Latin America Is an Unlikely Bulwark Against Attacks on Central Bank Autonomy

(Bloomberg) -- As Donald Trump reignites the global debate about central bank independence with his attacks on the Federal Reserve, Latin America of all places is leaning the other way.

After decades of rampant inflation, the continent’s governments have largely resisted involvement in monetary policy. While Venezuela is a notable exception, right-wing governments in Brazil and Argentina are fortifying central bank autonomy. Even Mexico’s new populist government has yet to succumb to the temptation to interfere.

“Central banks are, in a way, guardians of the macro credibility,” said Alejandro Cuadrado, global head of FX at Banco Bilbao Vizcaya in New York. “In the case of the major Latin American economies, I think that is well understood.”

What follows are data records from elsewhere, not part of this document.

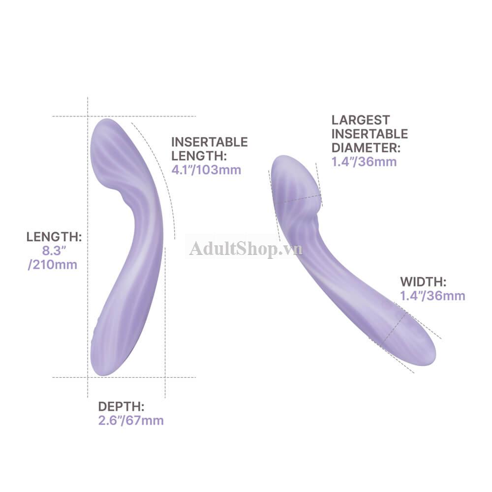 Thiết bị sở hữu thiết kế công thái học hiện đại với thân silicone hai lớp mềm mại, an toàn cho cơ thể, mang lại cảm giác êm ái và chân thực khi sử dụng. Đầu máy được thiết kế góc nghiêng chuẩn xác giúp tiếp cận điểm G hiệu quả, trong khi phần cổ linh hoạt ôm sát cơ thể, hỗ trợ kích thích đồng thời tại vùng âm vật và lối vào âm đạo. Sự kết hợp này tạo nên trải nghiệm kích thích bao phủ, liền mạch và có chiều sâu.
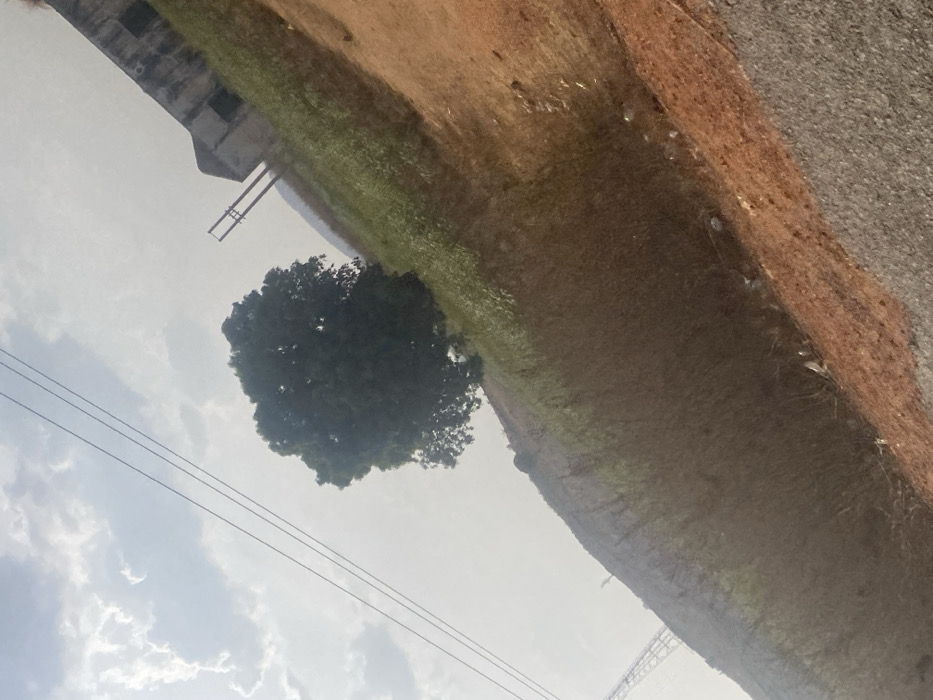 The image displays an outdoor scene in Kwali, Nigeria, captured with a diagonal horizon. The sky, occupying the upper left, is light blue with scattered white clouds and exhibits a hazy appearance. Multiple thin, dark utility lines span across the upper-left sky. A prominent, large, dense green deciduous tree stands centrally on a gentle slope that runs diagonally from the lower-left to the upper-right of the frame. This slope is covered by a mix of green and dry, light brown herbaceous vegetation. In the upper-right, on the slope, an aged, light-colored (off-white or light grey) building with darkened rectangular openings and a darker roofline is visible. Adjacent to this structure, two dark, vertical posts, potentially utility poles, are present. In the far lower-left, a section of a metal lattice transmission tower is observed. The foreground in the lower-right consists of a reddish-brown dirt or unpaved area that borders a darker grey-black paved surface, consistent with a roadway. Scattered light-colored debris, possibly plastic, is visible along the edge where the unpaved area meets the vegetation in the lower-right. No individuals or specific actions are depicted.
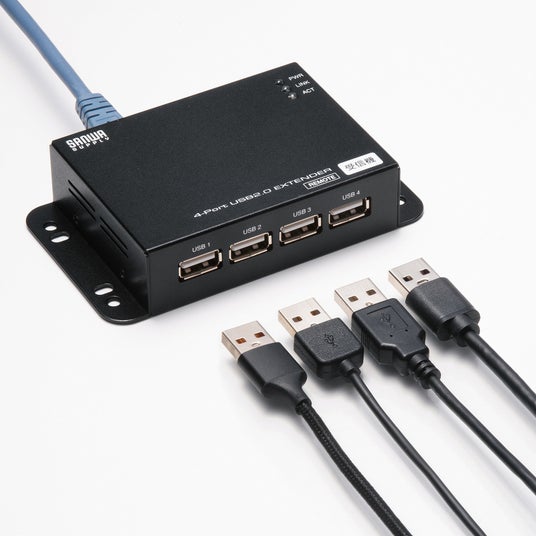 最大4台のUSBデバイスを延長できる4ポートのハブ付きです。
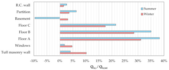 Table 5 shows the calculated stationary and dynamic parameters that give information on the energy quality of the building envelope. Clear double-glazed windows were considered, with an average thermal transmittance of 2.80 W/(m2 K).
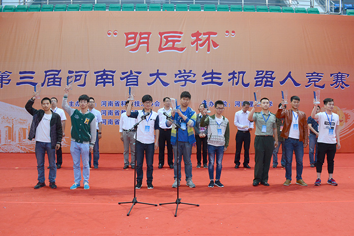 5月15日,由河南省科学技术协会、河南省教育厅、河南省科技厅主办,我校承办的第三届河南省大学生机器人竞赛在我校南校区体育馆成功举行。
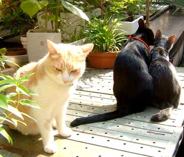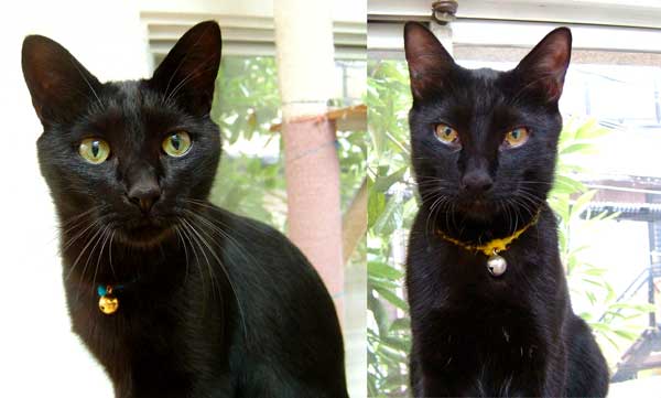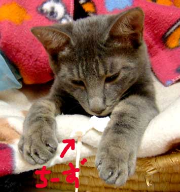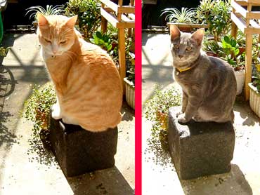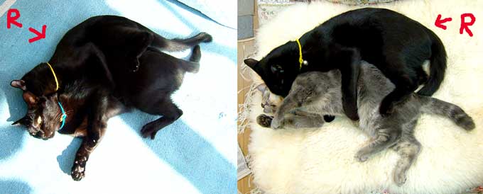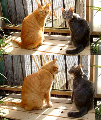 ちょっと牽制。でもさすけ・・でかくないか〜〜??我が家の1番でかでか・こちゃに比べてさほどちびくない・・。 でも顔の造作の違いが際だつ2匹。こちゃは1番丸くて耳も顔の中に入っている、鼻も丸くてしゃくれているし。さすけは耳は顔の外・輪郭の外に・・鼻面なんかまっすぐだ〜〜。 |

The Latin American trend stands in contrast to emerging markets from Turkey to India, where central banks have been increasingly subject to pressure from their leaders and governments to change course. Turkish President Recep Tayyip Erdogan has dismissed the country’s central bank governor, while India brought in a more dovish bank chief when his predecessor resigned after a row with the prime minister.

Past Trauma

Latin America has been plagued by hyper-inflation, from Chile in the 1970s to Brazil in the 1990s and Argentina more recently.

“Because of that trauma, people accept the fact that low inflation is a good thing and you can only guarantee low inflation by having a central bank that is independent or autonomous,” said Monica de Bolle, director of Latin America studies at Johns Hopkins University’s SAIS school. “That makes Latin America different than anywhere else.”

Chile granted autonomy to its monetary authority in 1989, and started inflation targeting a year later. It has never looked back. Inflation slowed in the next decade and has since remained relatively low and stable.

Latin America Is an Unlikely Bulwark Against Attacks on Central Bank Autonomy

Slow Learners

Other countries were slower to learn.

The autonomy of Brazil’s central bank was compromised during former President Dilma Rousseff’s presidency, which produced a period of high inflation, high unemployment, and recession, said Alberto Ramos, chief Latin America economist at Goldman Sachs in New York. Now it’s moving in the opposite direction, with the government increasingly likely to enshrine formal independence for the monetary authority.

Argentina was an even more obvious case. President Cristina Fernandez de Kirchner fired the central bank governor for refusing to transfer billions of dollars of reserves to the government for debt payments. Her successor, Mauricio Macri, raised inflation targets halfway through his term, sparking speculation he was doing so to pave the way for rate cuts; the change was cited as the start of Argentina’s devastating confidence crisis.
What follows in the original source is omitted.